Business Suite 7 also offers “value scenarios” that provide users with end-to-end business processes that can be implemented step by step to improve efficiency and overcome problems. “Value scenarios” include integrated product development, which demonstrates SAP Business Suite 7’s ability to seamlessly enact processes across multiple parts of a company, SAP said.
As an example of this, SAP showed the audience Business Suite 7’s user dashboard screen, which displayed metrics such as revenue and profit over time, and even what customers are Twittering about a product.
In the example, the software’s user, a maker of GPS devices, noticed a rising amount of Twitter chatter about the company’s latest product having a faulty viewscreen. Using SAP software, the GPS maker clicked over to an engineering screen to look at the product component and identify the problem; and from there moved on to sales, finance and supply-side management to actually correct the situation.
This integration of analytical and process applications can allow decision makers to respond quickly to things that aren’t working, potentially saving time and revenue.
Business Suite 7 can also help users capture new opportunities via SOA (service-oriented architecture).

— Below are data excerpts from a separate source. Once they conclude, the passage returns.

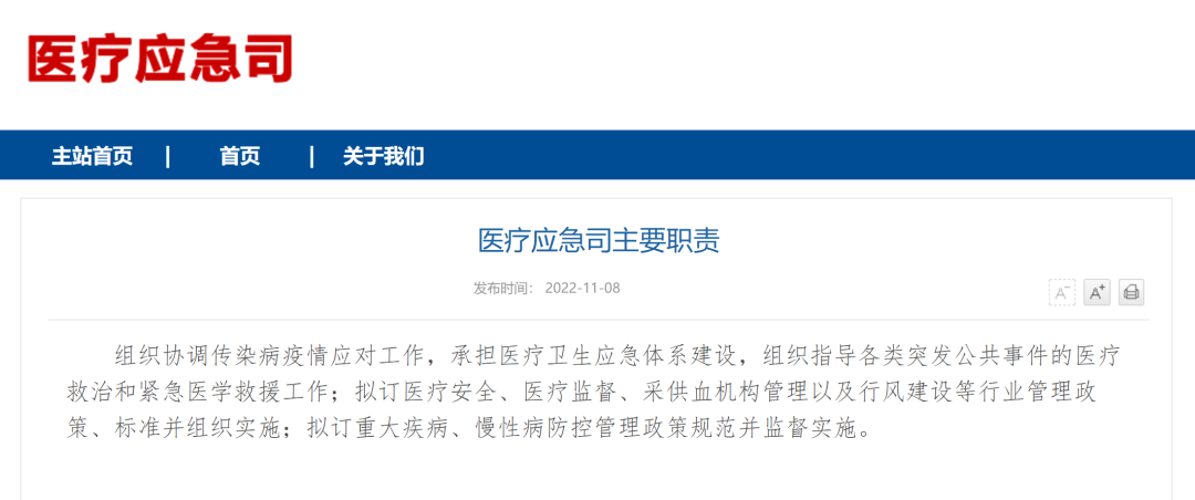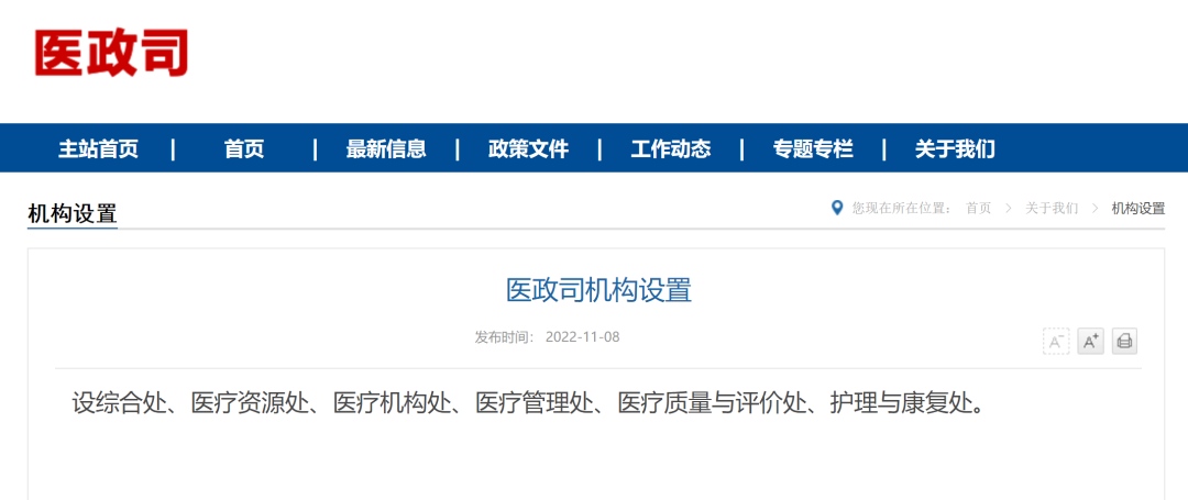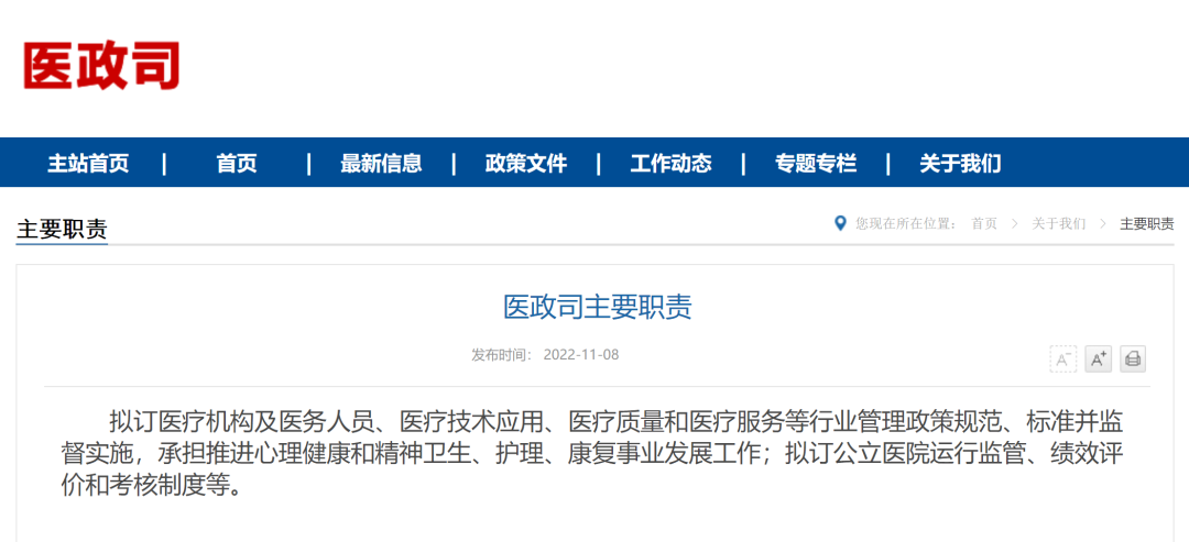 近日,国家卫生健康委员会对内设机构正式做出调整,原医政医管局更名为医政司,原卫生应急办公室更名为医疗应急司,同时撤销疾病预防控制局、综合监督局。 原医政医管局更名为医政司,医政司下设综合处、医疗资源处、医疗机构处、医疗管理处、医疗质量与评价处、护理与康复处。 该司主要职责为拟订医疗机构及医务人员、医疗技术应用、医疗质量和医疗服务等行业管理政策规范、标准并监督实施,承担推进心理健康和精神卫生、护理、康复事业发展工作;拟订公立医院运行监管、绩效评价和考核制度等。 原卫生应急办公室(突发公共卫生事件应急指挥中心)更名为医疗应急司,医疗应急司下设综合处(行风处)、医疗应急管理处、医疗应急指导处、公共卫生医疗管理处、医疗卫生安全和血液管理处、医疗监督处。 该司主要职责为组织协调传染病疫情应对工作,承担医疗卫生应急体系建设,组织指导各类突发公共事件的医疗救治和紧急医学救援工作;拟订医疗安全、医疗监督、采供血机构管理以及行风建设等行业管理政策、标准并组织实施;拟订重大疾病、慢性病防控管理政策规范并监督实施。 同时国家卫健委原机关党委更名为机关党委(党组巡视工作领导小组办公室),负责机关和在京直属单位党的建设和纪检工作,领导机关群团组织的工作,承担内部巡视工作。 机关党委(党组巡视工作领导小组办公室)设立机关纪委,承担机关和在京直属单位纪检、党风廉政建设有关工作。 此外,国家卫健委机构设置中不再设立疾病预防控制局、综合监督局。 2022年2月,中共中央办公厅、国务院办公厅发布《关于调整国家卫生健康委员会职能配置、内设机构和人员编制的通知》,公布了国家卫健委职能配置、内设机构和人员编制调整事项。 调整后,国家卫健委设19个内设机构及机关党委(党组巡视工作领导小组办公室)、离退休干部局。机关行政编制464名。设主任1名,副主任4名,司局级领导职数80名(含机关党委专职副书记1名、机关纪委领导职数1名、卫生健康监察专员10名、离退休干部局领导职数2名)。 来源:国家卫健委官网
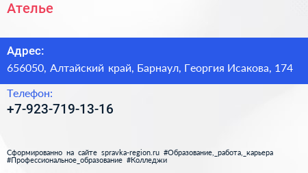 Ателье по адресу 656050, Алтайский край, Барнаул, Георгия Исакова, 174 в дальнейшем Организация, размещена в следующих категориях: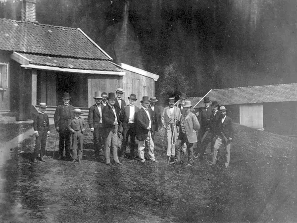 Thomas Heftye i midten. Hans svoger Jacob Andreas Faye var generalkonsul for Preussen, og er sannsynligvis en av de andre mennene på bildet. Husmannsstua er den eldste bygningen på Sarabråten.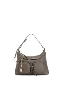 Tasche mit vordertaschen und personalisiertem metallanhänger. einzelfach und innentasche mit reißverschluss. reißverschluss.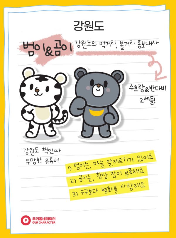 [충청뉴스큐] 강원도 캐릭터인 범이&곰이가 우리동네 캐릭터 스타 선발 대회인 ‘우리동네 캐림픽’에 첫 참가해 본선에 진출하는 쾌거를 이루었다.
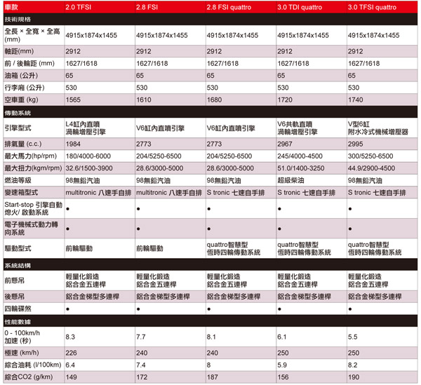 ![]() ▲拜長達2915mm的軸距所賜,前後座的空間都非常充裕,後座也有獨立空調與電源孔。截稿前筆者收到通知,引進台灣的AUDI A6將有2.0TFSI、2.8FSI、2.8FSI quattro、3.0TFSI quattro、3.0TDI quattro等車款,價格從240萬到360萬之間,主力車款將是2.8FSI quattro。而銀兩夠多者尚有一大串高檔好物可供選配,如全LED極光頭燈組、主動轉向式頭燈、雙前座座椅通風功能、S Line跑車懸吊、HUD抬頭顯示器、quattro附加跑車式限滑差速器等等。欲知更詳細的車款資料,敬請鎖定九月八日發表會之後汽車線上資訊網www.auto-online.com.tw的第一時間報導。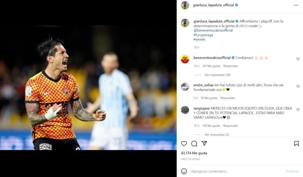 Gianluca Lapadula dejó un mensaje en sus redes sociales de cara a lo que serán los partidos de los playoffs: “Afrontemos los playoffs, con la determinación y determinación de quien cree en ello”, de esta manera el atacante del Benevento se expresó sobre el momento que vive su equipo, donde esperan poder ascender, nuevamente, a la Serie A para la siguiente temporada.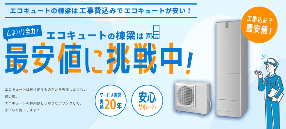 商品価格最大84%OFF!最安値に挑戦、 エコキュート工事を依頼できるWebサイト 「エコキュートの棟梁」サービス開始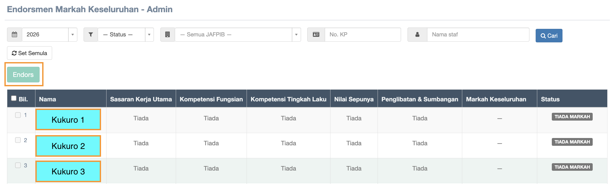 - Endorse Markah Keseluruhan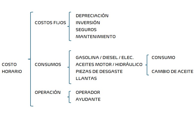 El costo horario directo por maquinaria o equipo de construcción es el que resulta de dividir el importe del costo horario de la hora efectiva de trabajo entre el rendimiento de dicha maquinaria o equipo en la misma unidad de tiempo, de conformidad con la siguiente expresión: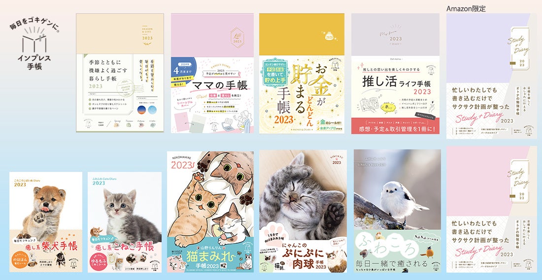 インプレス手帳は、「毎日をゴキゲンに。ステキな日常を叶える手帳」をコンセプトにしたシリーズです。「猫」「柴犬」「ことり」の写真に癒される動物手帳や、「お金管理」「家族の予定管理」「勉強計画」など暮らしに役立つ機能をもった手帳があり、個性的なデザインや機能を求めるユーザーから好評を博しています。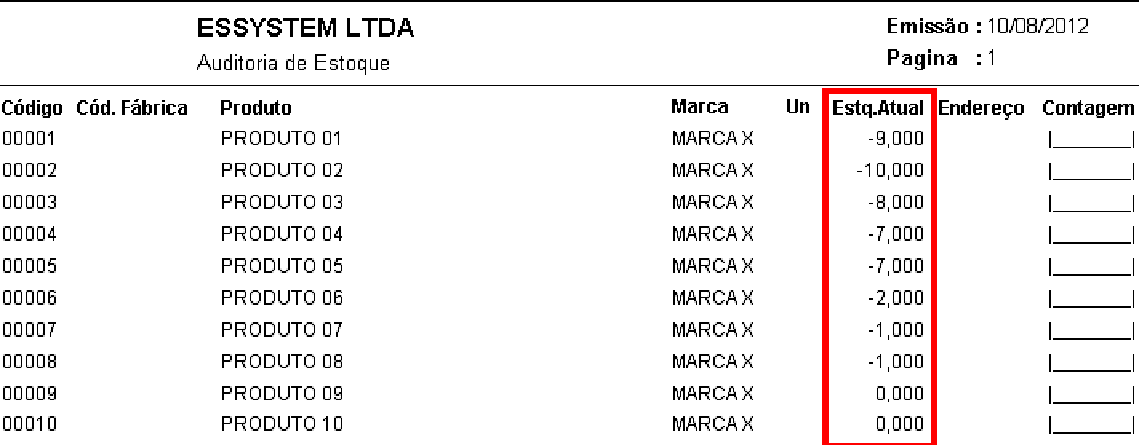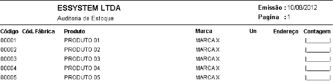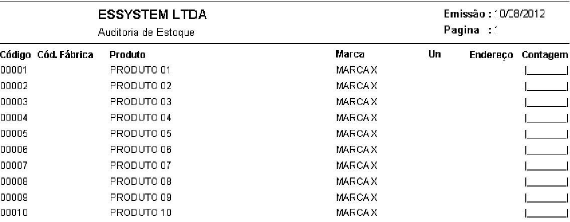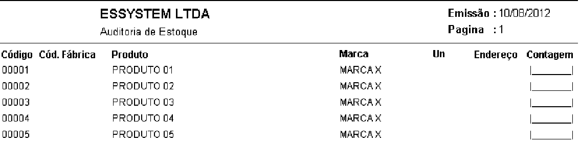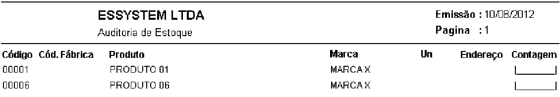 Relrção de Contagem de Estoque, pode ser impressa em Ordem Alfabéqica, en Ordem de Códigs, Ordem de Seção, Ordem de Fornecedor e Ordem de Endereço. Ex: Relatório de Contagem de Estoque em Ordem Alfabética.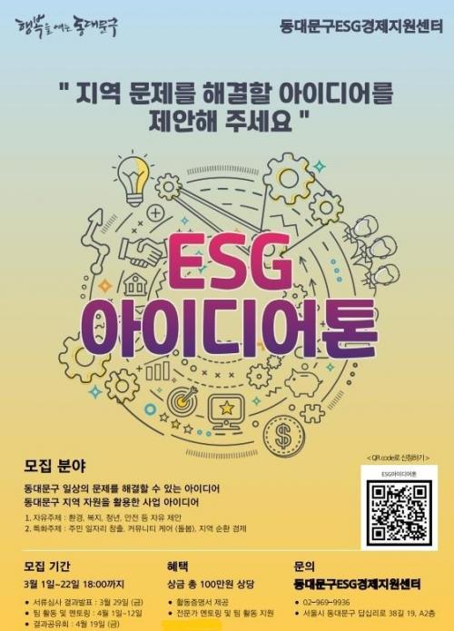 [¿¡ÄÚȯ°æÀϺ¸ µ¿´ë¹®=À̽ŵ¿±âÀÚ]¼­¿ï µ¿´ë¹®±¸°¡ ESG°æÁ¦Áö¿ø¼¾ÅÍ¿¡¼­ ÀÏ»óÀÇ Áö¿ª¹®Á¦¸¦ ÇØ°áÇϴ âÀÇÀûÀÎ ¾ÆÀ̵ð¾î¸¦ ¸ðÁýÇÏ´Â ¡®2024³â ESG ¾ÆÀ̵ð¾îÅæ¡¯À» °³ÃÖÇÑ´Ù. ¡®¾ÆÀ̵ð¾îÅæ¡¯À̶õ ¾ÆÀ̵ð¾î(idea)¿Í ¸¶¶óÅæ(marathon)ÀÇ ÇÕ¼º¾î·Î, Á¦ÇÑµÈ ½Ã°£ ³»¿¡ ÆÀ ¡¦

In the demo example, a retail territory manager in California used a dashboard to analyze the ZIP code around the retail company’s stores for pockets of high-income households. The user then created a ‘Welcome campaign,’ complete with a coupon for the store, and had it mailed to the target group chosen through that earlier data mining. Afterward, the user clicked back to the dashboard to see revenue rising.
“What the CEO gets is an end-to-end business process,” Apotheker said.
If Business Suite 7, with its focus on optimizing business performance and increasing IT savings, appeals to customers looking for ways to save costs in the current economic environment, that’s mostly a happy coincidence for SAP. When the company started developing the software suite at the end of 2006, it was following its own long-term trend toward systems that take advantage of value and modular, piecemeal consumption.
“After Lehman Brothers collapsed on Sept. 15, we didn’t suddenly decide to build things that were relevant,” Richard Campione, SAP senior vice president of suite solution management for CRM on demand, said in an interview. “But the economic situation plays into where we’ve been trending for years.”